Work to be completed:
Copy, word for word, the opening line of the data and each line after it until the line that contains "Bedrock Real Estate, the", which is included. Leave the pictures out.
[[ Data shown, beginning ]]
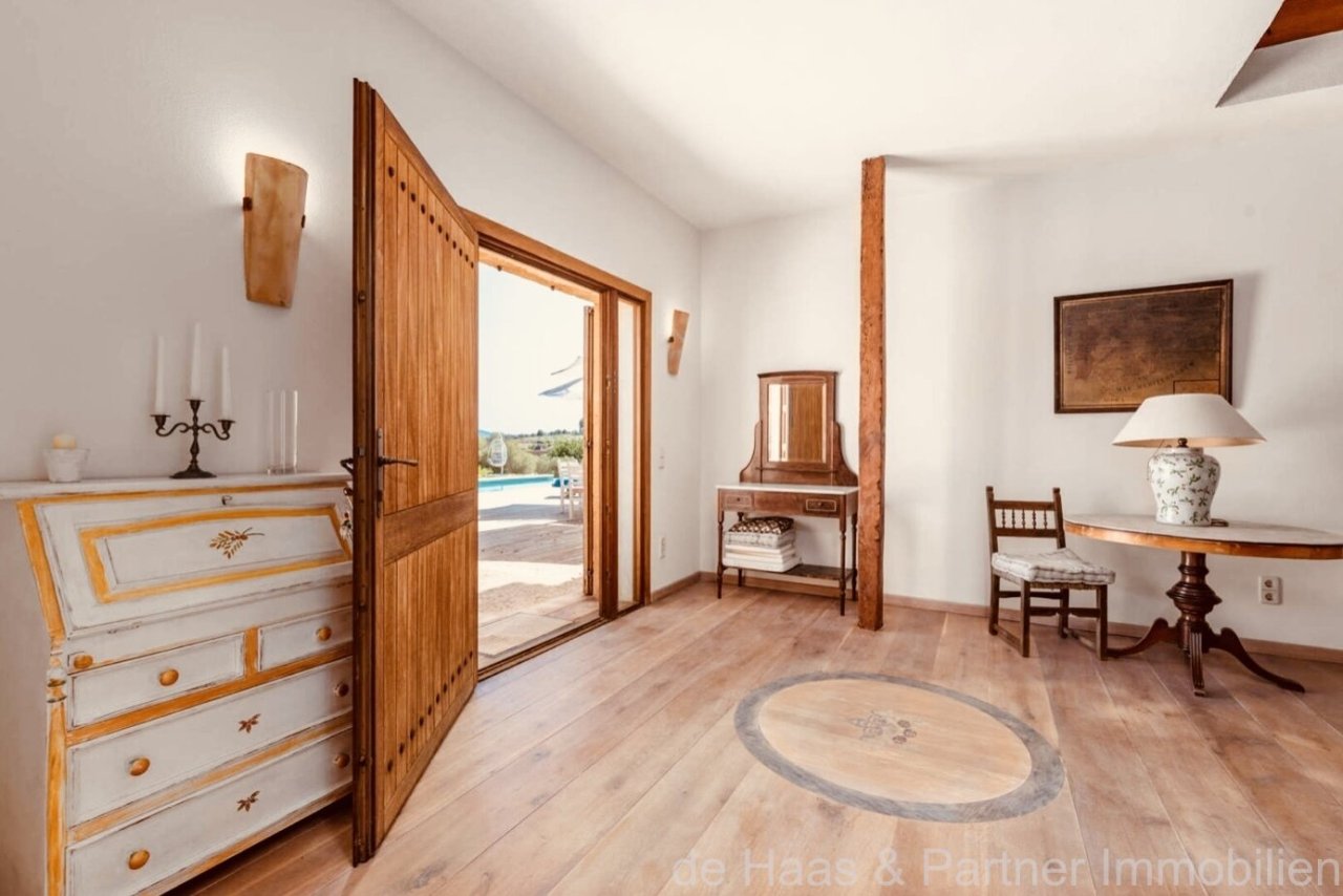 Esta finca ofrece unas vistas panorámicas hasta el mar y una ubicación absolutamente tranquila. La finca, situada en una parcela de unos 16 881 m², cuenta con 6 dormitorios y 5 baños, por lo que es ideal para una familia numerosa. Las playas, los pueblos y los campos de golf de los alrededores se encuentran a pocos minutos en coche.
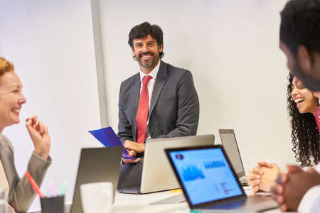 businessman conducts training with business team
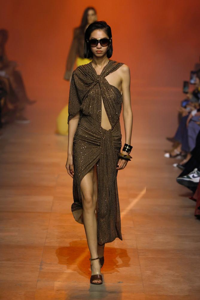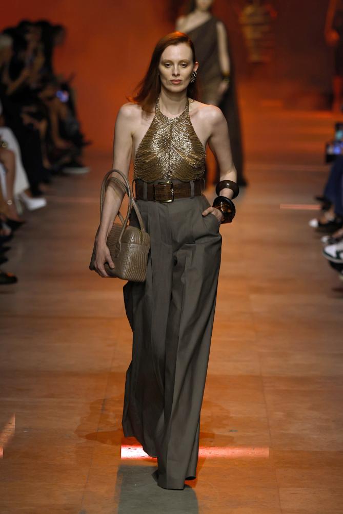 10月4日,模特在法國巴黎時裝周上展示Elie Saab品牌的2026春夏新品成衣。
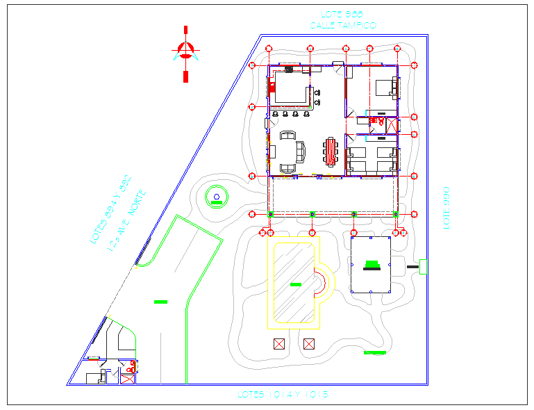 Home plan design dwg file with park,walking way,washing area,pool,seating area, table view,kitchen,area distribution,entry way,bedroom.
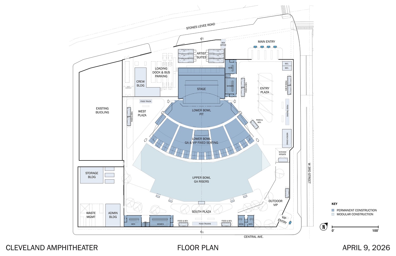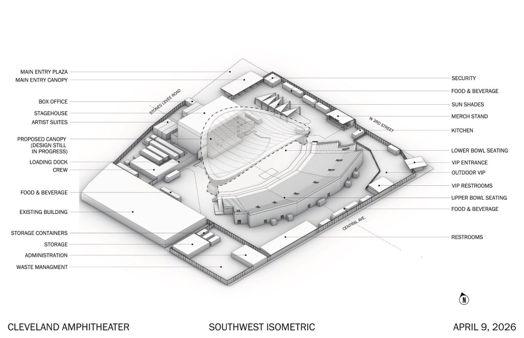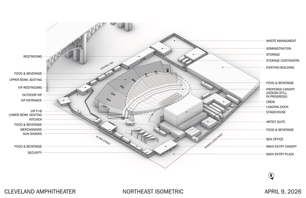 Bedrock Real Estate, the developer, and Live Nation, the operator, seek to build a 6,200-seat amphitheater at West 3rd Street and Stones Levee Road. NEOtrans broke the story in January about Bedrock’s property acquisition and cited insiders who said an amphitheater was the probable use of the land.
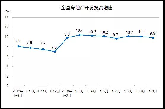 2018年前三季度,全國房地產(chǎn)開發(fā)投資8.87萬億元,同比增長9.9%,增速較1-8月份回落0.2個百分點,高于去年同期1.8個百分點。其中,住宅投資6.28萬億元,同比增長14%,增速較1-8月份下降0.1個百分點。住宅投資占房地產(chǎn)開發(fā)投資的比重為70.8%。
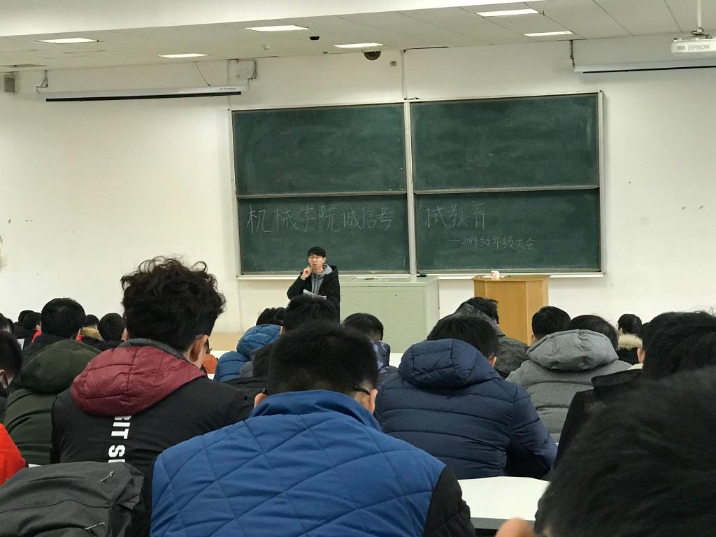 按照《关于2018年硕士研究生招生考试诚信应考的通知》要求,为严肃考风考纪,营造风清气正的考试风气。yl23455永利与12月14日在南岭校区逸夫楼A411室召开诚信考试教育大会,yl23455永利2014级全体本科生参加会议。会议由员工工作办公室主任、2014级辅导员李佳亮主持。
[[ Data shown, end ]]
Task response:
 Esta finca ofrece unas vistas panorámicas hasta el mar y una ubicación absolutamente tranquila. La finca, situada en una parcela de unos 16 881 m², cuenta con 6 dormitorios y 5 baños, por lo que es ideal para una familia numerosa. Las playas, los pueblos y los campos de golf de los alrededores se encuentran a pocos minutos en coche.
 businessman conducts training with business team
 10月4日,模特在法國巴黎時裝周上展示Elie Saab品牌的2026春夏新品成衣。
 Home plan design dwg file with park,walking way,washing area,pool,seating area, table view,kitchen,area distribution,entry way,bedroom.
 Bedrock Real Estate, the developer, and Live Nation, the operator, seek to build a 6,200-seat amphitheater at West 3rd Street and Stones Levee Road. NEOtrans broke the story in January about Bedrock’s property acquisition and cited insiders who said an amphitheater was the probable use of the land.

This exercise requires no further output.